Three prominent lectures will be delivered by 2025 AERA award recipients at the 2026 AERA Annual Meeting. Dates, times, and locations will be added as they become available. All times are in Pacific Time.

A headshot of Robert Pianta smiling outside in front of a building on a porch. He is wearing a light blue button up shirt and smiling.

2025 Distinguished Contributions to Research in Education Award Lecture

Speaker: Robert C. Pianta (University of Virginia)

Title: Actionable and relevant education science: Focus on People, Processes, and Contexts That Foster Students’ Learning and Development

The lecture draws on more than two decades of research on the measurement and improvement of teacher-student interactions in tens of thousands of classrooms—across grade levels, cultural and economic contexts, students, and teachers. This work bridges developmental and education science to create resources relevant locally and at scale. By grounding education scholarship in the science of human development, Dr. Pianta argues that education research be oriented around a view of learning that is both comprehensive and personalized, and the relational, personal, and educational processes that support it.

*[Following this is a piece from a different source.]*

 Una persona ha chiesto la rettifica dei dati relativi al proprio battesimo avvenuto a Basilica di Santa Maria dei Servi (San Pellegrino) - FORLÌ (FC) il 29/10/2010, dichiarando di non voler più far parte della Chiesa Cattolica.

A headshot of Raquel Muniz in front of a dark background. She is wearing a cream satin shirt and navy blue jacket and her hair is down. She is smiling at the camera

2025 Early Career Award Lecture

Speaker: Raquel Muñiz (Boston College)

Title: Research at the Intersection of Law and Education Policy: Conditions, Strategies, and Mechanisms that Shape Educational Equity

Restrictive law and policy contexts have increasingly become the norm across the U.S. In this lecture, I draw attention to how systemic contexts shape educational (in)equity. I draw attention to two interrelated areas. First, I discuss how law and education policy are mechanisms that have over time shifted the discretionary bounds for practitioners, establishing restrictive conditions that hinder educational equity for students who have experienced substantial adversity. Second, I discuss how research use operates as a strategy and mechanism that informs educational equity policy debates in courts and policymaking contexts. I conclude with potential pathways to shape and leverage conditions, strategies, and conditions in furtherance of educational equity.

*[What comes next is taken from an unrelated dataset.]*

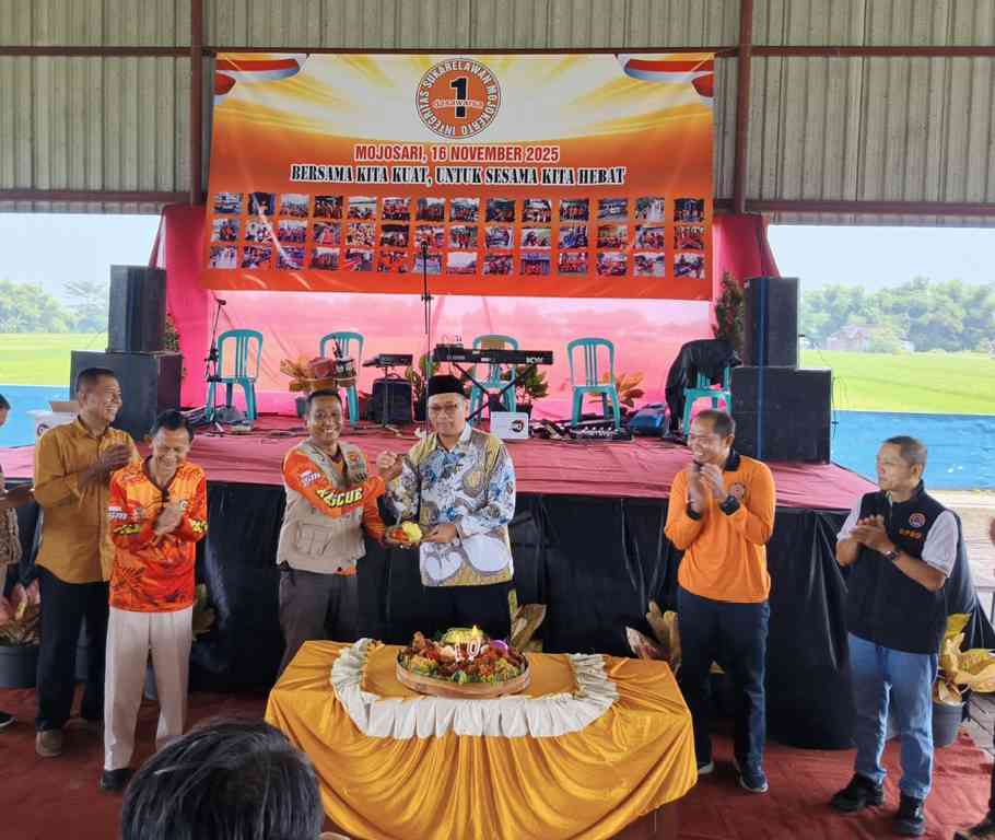 DIGDAYA NEWS. COM/ MOJOKERTO — Relawan Integritas Sukarelawan Mojokerto (ISM) menandai perjalanan 10 tahun pengabdiannya dengan menggelar doa bersama dan pemotongan kue ulang tahun di Gedung Serbaguna Pusat Oleh-Oleh Desa Jotangan, Mojosari, Minggu (16/11/2025) pagi.

A headshot of Gloria Swindler Boutte. She is wearing a black shirt and black and white decorative necklace. Her hair is down and she is wearing red lipstick. She is smiling at the camera

2025 Social Justice in Education Award Lecture

Speaker: Gloria Swindler Boutte (University of South Carolina)

Title: Beyond Learned Powerlessness to Educational Liberation

Echoing Alice Walker’s reflections on learned powerlessness, this lecture invites educators and researchers to reclaim the agency that has always been ours. At a moment when oppressive forces continue their attempts to diminish the human spirit, this session calls us to not only do no harm but to unapologetically do good and get into “good trouble”—nod to Ancestor John Lewis. Guided by an African diasporic vision for educational justice, the lecture draws upon the Akan principle Fawohodie, symbolizing freedom, independence, emancipation—and the profound responsibilities that accompany them. Through this lens, the session traces how systemic silencing has been strategically cultivated, and why, in the words of Audre Lorde, “our silence will not protect us.” Rather than accepting narratives of powerlessness, participants will be invited to imagine and enact collective agency. Concrete strategies rooted in community, culture, and resistance are highlighted.